Table 4 The total score ranking of participating physicians and CLS comparison evaluation.

Discussion

Open and transparent standard comparative diagnostic ability in AI diagnosis is essential for generating clinicians’ trust. In this comparative study, we use nine performance indices for a comprehensive evaluation, and the diagnostic ability score of the CLS exceeded 17 of the 21 participating physicians in the first stage and 20 in the sixth stage. Because the evaluation criteria are the same, the evaluation process is open and transparent, with continuous improvement in the diagnosis level of physicians; physicians can also test and verify their diagnostic ability at any time.

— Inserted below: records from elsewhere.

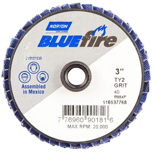This is manufactured by Norton. The manufacturer part number is 77696090181. Its diameter is 3.00" (76.20mm). It is shipped in bulk. It has a classic blue colour. While its abrasive grit is p40. Abrasive Grade Info: extra coarse. The product is widely employed in general purpose. It is manufactured from rugged zirconia alumina abrasive materials. The product is designated with the ear99 code number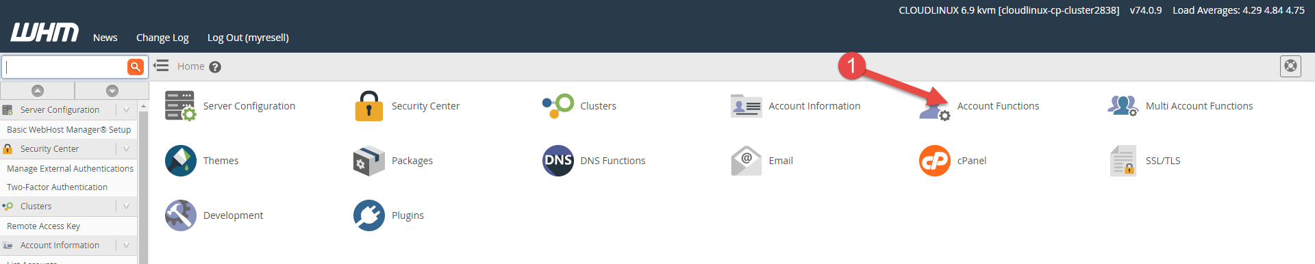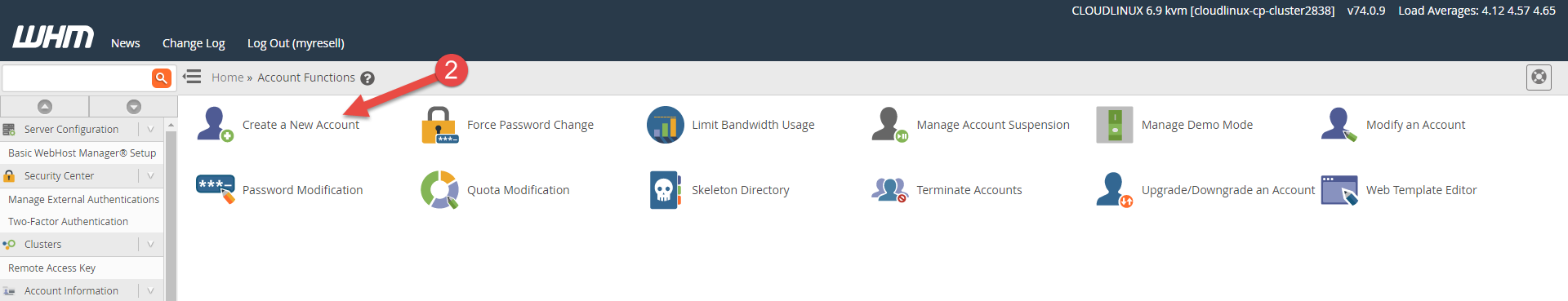 Bước 1: Tại giao diện quản lý SEO Hosting bạn chọn Account Functions => Create a New Account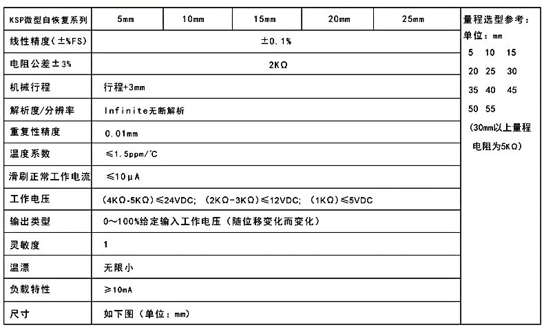 KSP智能閥門專用直線位置傳感器參數(shù):

We found no relationship between the scores of clinicians’ diagnostic abilities and their working years (Supplementary Table 4b), where the correlation coefficient between working years and the total score was −0.33 (Supplementary Fig. 3a), and the correlation coefficients between working years and nine indices were all below 0; unlike the findings of Yang et al.32. Younger physicians obtained higher diagnostic scores, which may be related to our evaluation index, including the pathological diagnosis of the mass. The study data included 41% benign mass breast adenosis, 40% breast fibroadenoma, and 82% malignant mass breast infiltrating ductal carcinoma. These three types offer primary, intermediate, and senior clinicians more opportunities to learn, and tracking pathological results is essential to obtaining practical experience in diagnostics. This work was mainly completed by primary physicians, who may have had the opportunity to gain enhanced diagnostic experience and similarly. AI may have more advantages in the pathological diagnoses of tumors owing to its ability to learn continuously. The CLS is constantly learning and improving, and if its ability surpasses that of physicians, it could increase physicians’ confidence in AI.

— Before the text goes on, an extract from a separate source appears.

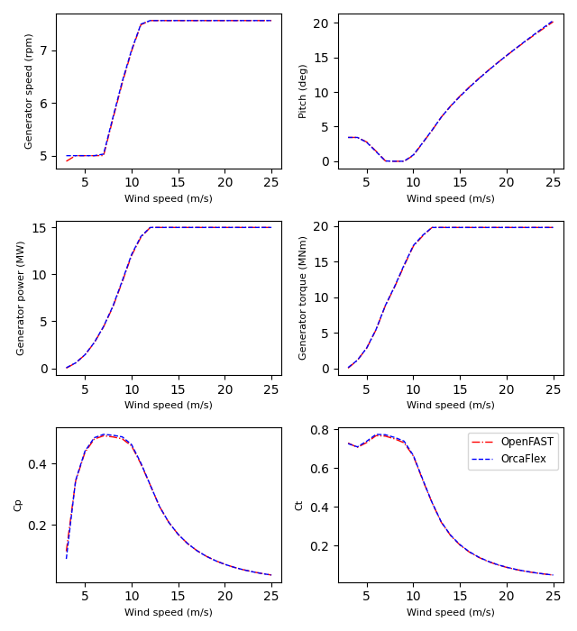 Overall, we have found the results to be in very close agreement, supporting both the validity of the updated OrcaFlex RWT model and consistency across the two aeroelastic codes. Below are some select results from the validation report.

We found that different algorithms had different diagnostic capabilities with the same data and training methods. Among the 13 candidate algorithms, inceptionresnetv2 had the highest AUC value when tested with the same data, while mobilenetV2 had the lowest. He et al.33 have also used the inceptionresnetv2 algorithm to achieve good diagnostic results in the auxiliary diagnosis of breast cancer, and the algorithm is considered superior to the ResNeXt-101 and SENet-101 algorithms. We plan to compare the diagnostic performances of the five algorithms under different amounts of data and test new algorithms in the future. If a better algorithm is identified, it could be used for CLS diagnoses.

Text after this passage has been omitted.